La señora quedó atrás. Me cruzo con dos tipos que parecen borrachos y cuchichean ¿de dónde salieron? Apuro mis pasos, los observo, están de espalda. Uno le pasa algo que no llego a distinguir al otro, se lo guarda en el bolsillo, se dan vuelta y me miran. Avanzo alerta haciéndome la distraída, busco con la mirada algún objeto contundente para poder defenderme si intentan atacarme. Temo que me tapen la boca y me violen y tal vez me maten. Me acuerdo que en la mochila tengo el llavero manopla pero no lo busco para no llamarles la atención. Les paso por al lado, uno me dice algo que no comprendo. Se ríen. Me desespero por un instante. Estoy perdida. Necesito encontrar otra escalera que me saque de esta profundidad mortuoria y disipe la escena tétrica que acaba de invadirme. Subo por la escalera quince al primer subsuelo.

Juego a juegos macabros para distraerme: intento encontrar el nicho de Leo, un amigo que murió cuando teníamos diecisiete años, hace casi veinte, y al que nunca volví “a visitar”. ¿Para qué?

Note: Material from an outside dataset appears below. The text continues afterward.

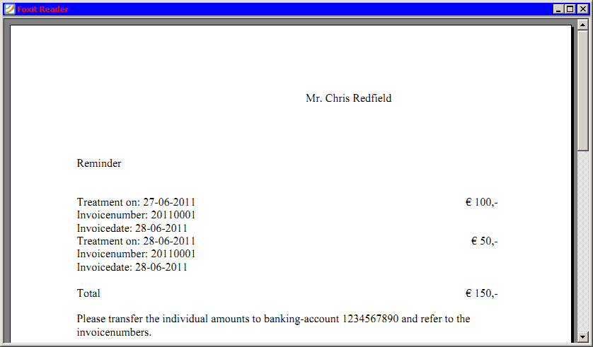 A reminder example, printed to a virtual PDF-printer and displayed in Foxit Reader. The reminder contains all the unpaid invoices.

Recreo el andar lento y tomadxs del brazo, por alguna de estas galerías subterráneas a las que sí llegan los rayos del sol, con Diego, mi novio de aquel entonces, que tuvo que velar a Silvina, su amiga, que aparece con el rostro sonriente en pancartas y su nombre puede leerse en la estación Once / 30 de diciembre de la línea H (a ella si la encontré en la pared).

Estoy de vuelta en la superficie caminando por la avenida por donde paseó por última vez el cuerpo sin vida de mi padre. Estoy a salvo pero sigo imaginando cosas tétricas como lo horrible de tener que pasar la noche acá adentro o el horno de la sala de cremación, el fuego crepitando en contacto con la madera, la piel, los ojos, los huesos, mi cuerpo. Me pregunto si nuestros espíritus sentirán el último calor, el dolor final que nos vuelve polvo, porque definitivamente no quiero morir pero quiero que me cremen.

Retomo el paseo turístico por los mausoleos. Pienso en las familias que pagan las casas de los muertos, algunas más grandes que la mía. Me detengo frente al de Jorge Newery ¡por fin un nombre que conozco! y me dan nauseas y me pesan las puntas de los dedos y no se si es el segundo cigarrillo tan seguido del primero o la cercanía de la muerte caminando tras mis pasos que retumban y hacen eco al aire libre. Y entonces yendo para la salida veo a una mujer sentada que lee y recupero el cielo celeste y despejado que diluye lo siniestro de la tarde.